Louis v. Nelson

Decision Date18 June 1982
Docket NumberNo. 81-1260-CIV-EPS.,81-1260-CIV-EPS.
PartiesLucien LOUIS, Wilner Luberisse, Jean Louis Servebien, Pierre Silien, Serge Verdieu, Milfort Vilgard, Joel Casimir, Job Dessin and Prophete Talleyvand, on behalf of themselves and all others similarly situated; and the Haitian Refugee Center, Inc., a non-profit membership corporation, on behalf of itself and its members, Plaintiffs, v. Alan NELSON, Commissioner, Immigration and Naturalization Service, Joe Howerton, District Director, Immigration and Naturalization Service, District VI; Lee Rowland, Assistant District Director of Deportation, Immigration and Naturalization Service, District VI; Cecilio Ruiz, Officer in Charge, Krome Avenue North Detention Facility; Immigration and Naturalization Service; and William French Smith, Attorney General of the United States, Defendants.
CourtU.S. District Court — Southern District of Florida


Ira J. Kurzban, Kurzban, Kurzban & Weinger, Miami, Fla., Bruce Winick, Univ. of Miami School of Law, Coral Gables, Fla., Irwin P. Stotzky, Vera Weisz, Miami, Fla., Michael J. Rosen, Miami, Fla.; Robert E. Juceam, Irwin Blum, Terrence A. Corrigan, Anne Golden, Mary B. Gilmore, Robin A. Fleischner, Jeffrey Susskind, New York City, for plaintiffs.

Robert Bombaugh, Dept. of Justice, Civ. Div., Washington, D. C., Thomas E. Moseley, Sp. Asst. U. S. Atty., Miami, Fla., for defendants.

Jim Peters, Dept. of Legal Affairs, Tallahassee, Fla., for State of Fla., intervening defendant.


SPELLMAN, District Judge.

"Life is like an onion you peel off one layer at a time and sometimes you weep." Carl Sandburg

This case has been described by the Government as nothing more than an attack on the proper constitutional effort of the United States to protect its borders from invasion. It has been described by the Plaintiffs as the worse possible case of the Government of the United States engaging in invidious discrimination.

The detention policy giving rise to this lawsuit has been described by some in the news media as a moral disgrace and by others as simply President Reagan's answer to Carter's timidity.

The policy attempted to be formulated and implemented has been both praised and criticized before Congress.

The religious leaders have assailed this matter as a moral issue; the Attorney General of the United States as a political decision.

The letters received by this Court from the outset of receipt of this case in December of 1981 make it clear that to whomever this matter is addressed it is received neither dispassionately, objectively or without some bias having been formed well in advance.

This opinion, the Court fears, will lack the understanding necessary to convey the complexity of the issues formed and the absolute necessity that in recognizing the right of the executive to exercise certain inherent powers, we must never lose sight of the rule of law.
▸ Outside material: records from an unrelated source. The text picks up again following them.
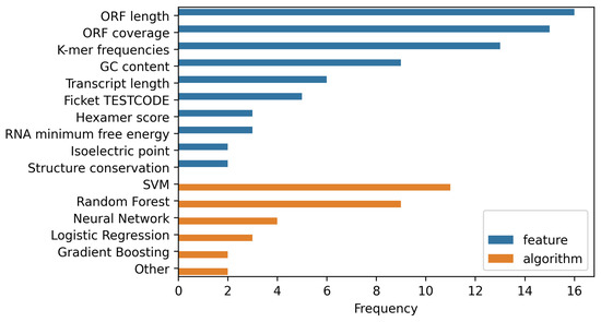 A comparison of the frequencies of commonly used features (blue) and algorithms (orange) applied by different contemporary tools. A majority of the latter rely on open reading frame (ORF) information to make predictions. Other often utilized features include subsequence (k-mer) frequencies and GC content. SVMs and Random Forests dominate the field as the most commonly implemented algorithms. This is not surprising, as they are two of the by far most flexible approaches for nonlinear classification.
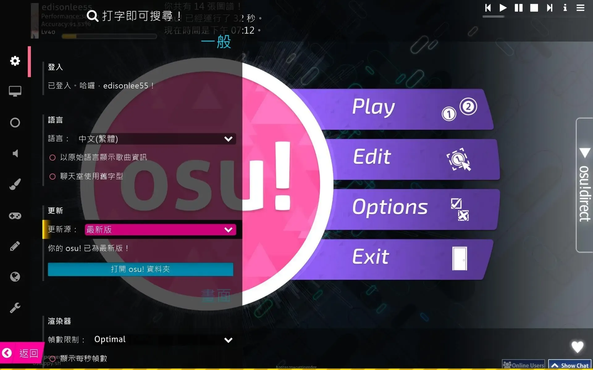 - osu! 帳號登入 (如果還沒登入請按 Change Login 登入,需要 osu! 帳號才能正確獲得圖譜等資料)
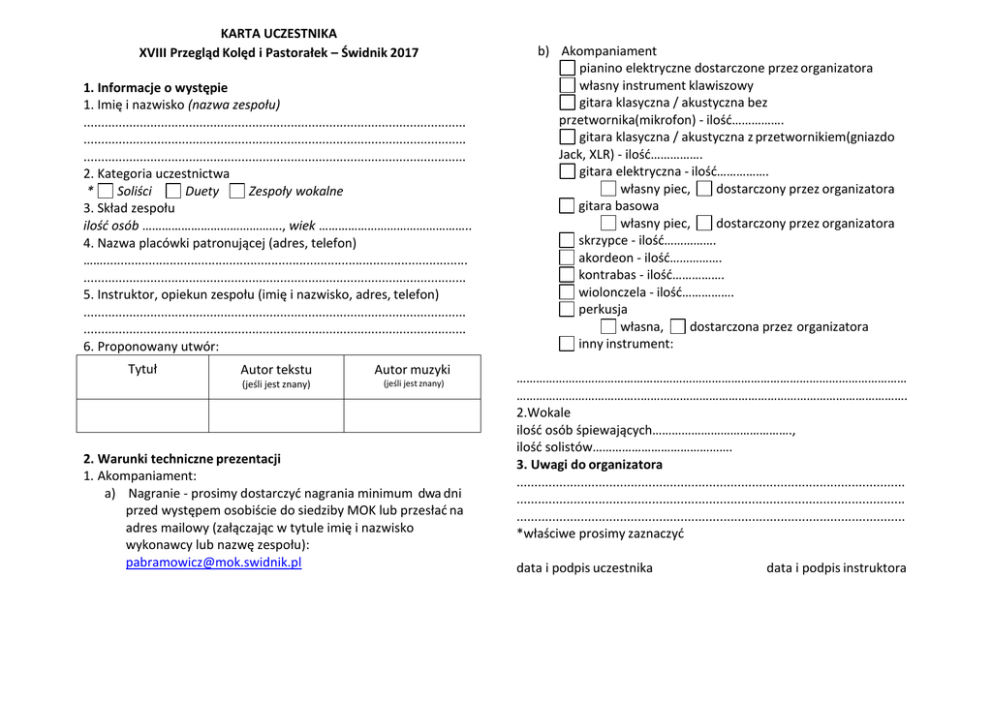 KARTA UCZESTNIKA XVIII Przegląd Kolęd i Pastorałek – Świdnik 2017 1. Informacje o występie 1. Imię i nazwisko (nazwa zespołu) ............................................................................................................. ............................................................................................................. ............................................................................................................. 2. Kategoria uczestnictwa * Soliści Duety Zespoły wokalne 3. Skład zespołu ilość osób ……………………………………., wiek ……………………………………….. 4. Nazwa placówki patronującej (adres, telefon) ……........................................................................................................ ............................................................................................................. 5. Instruktor, opiekun zespołu (imię i nazwisko, adres, telefon) ............................................................................................................. ............................................................................................................. 6. Proponowany utwór: Tytuł Autor tekstu Autor muzyki (jeśli jest znany) (jeśli jest znany) 2. Warunki techniczne prezentacji 1. Akompaniament: a) Nagranie - prosimy dostarczyć nagrania minimum dwa dni przed występem osobiście do siedziby MOK lub przesłać na adres mailowy (załączając w tytule imię i nazwisko wykonawcy lub nazwę zespołu): [email protected] b) Akompaniament pianino elektryczne dostarczone przez organizatora własny instrument klawiszowy gitara klasyczna / akustyczna bez przetwornika(mikrofon) - ilość……………. gitara klasyczna / akustyczna z przetwornikiem(gniazdo Jack, XLR) - ilość……………. gitara elektryczna - ilość……………. własny piec, dostarczony przez organizatora gitara basowa własny piec, dostarczony przez organizatora skrzypce - ilość……………. akordeon - ilość……………. kontrabas - ilość……………. wiolonczela - ilość……………. perkusja własna, dostarczona przez organizatora inny instrument: ………………………………………………………………………………………………………… ………………………………..………………………………………………………………………. 2.Wokale ilość osób śpiewających……………………………………., ilość solistów……………………………………. 3. Uwagi do organizatora ............................................................................................................. ............................................................................................................. ............................................................................................................. *właściwe prosimy zaznaczyć data i podpis uczestnika data i podpis instruktora
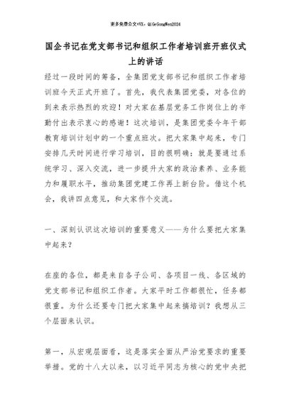 / 国企书记在党支部书记和组织工作者培训班开班仪式上的讲话
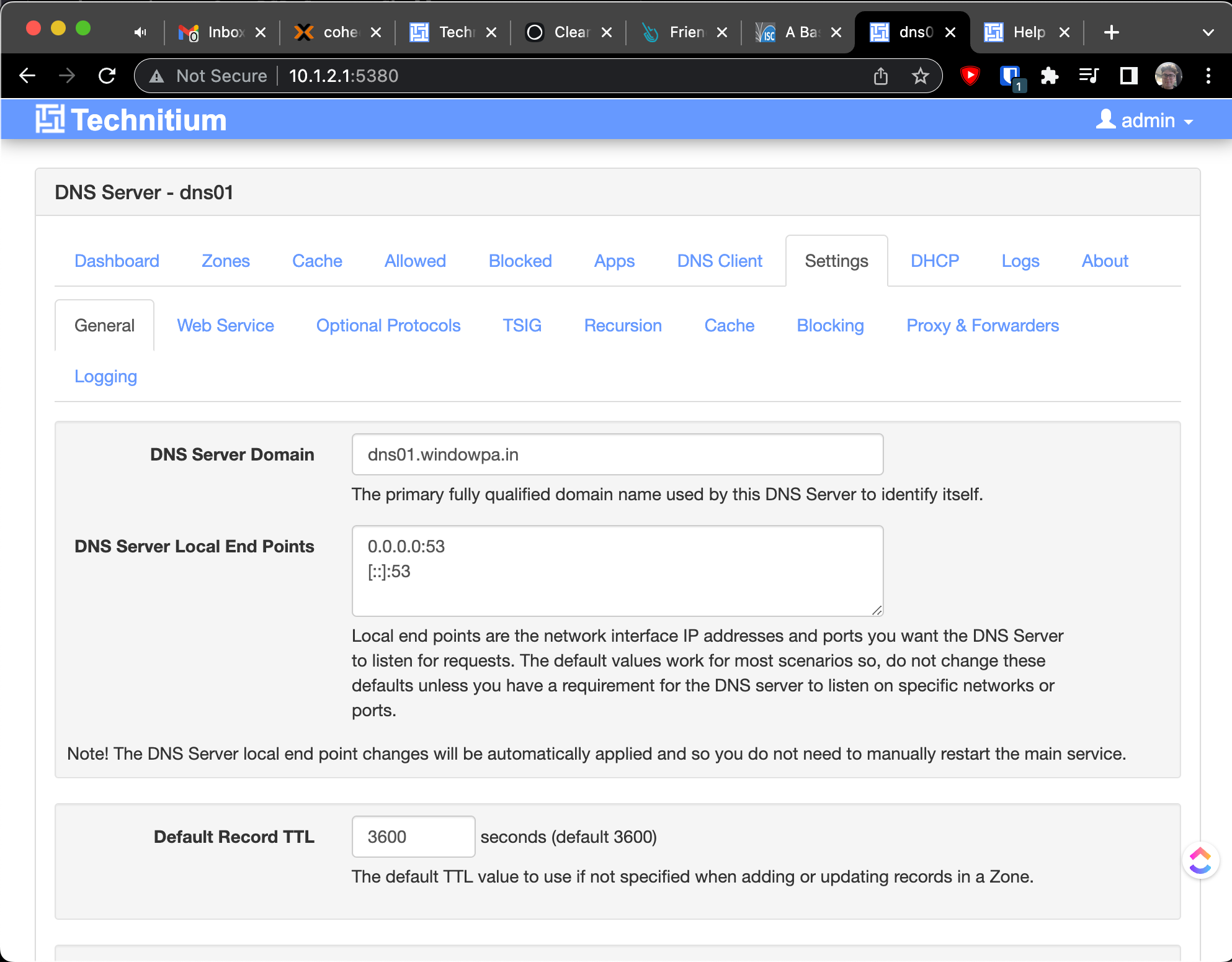 Open http://dns01:5380/ to access the web console.

It is hoped that in the passioned subjectivity and prejudice of those that read this opinion those that assert detention to be morally wrong must realize that the executive branch of Government must sometimes adopt drastic policies to achieve purposes otherwise unattainable; and to those who would assert the omnipotent power of government to recognize that in adopting such policies they are never above the rule of law, however well intended their actions.

The primary question raised by this action is whether an excludable alien can be incarcerated during the pendency and possible appeal of his claim for admission to this country. This case in a nutshell involves the individual right of freedom versus the right of the United States to enforce the immigration laws of this country.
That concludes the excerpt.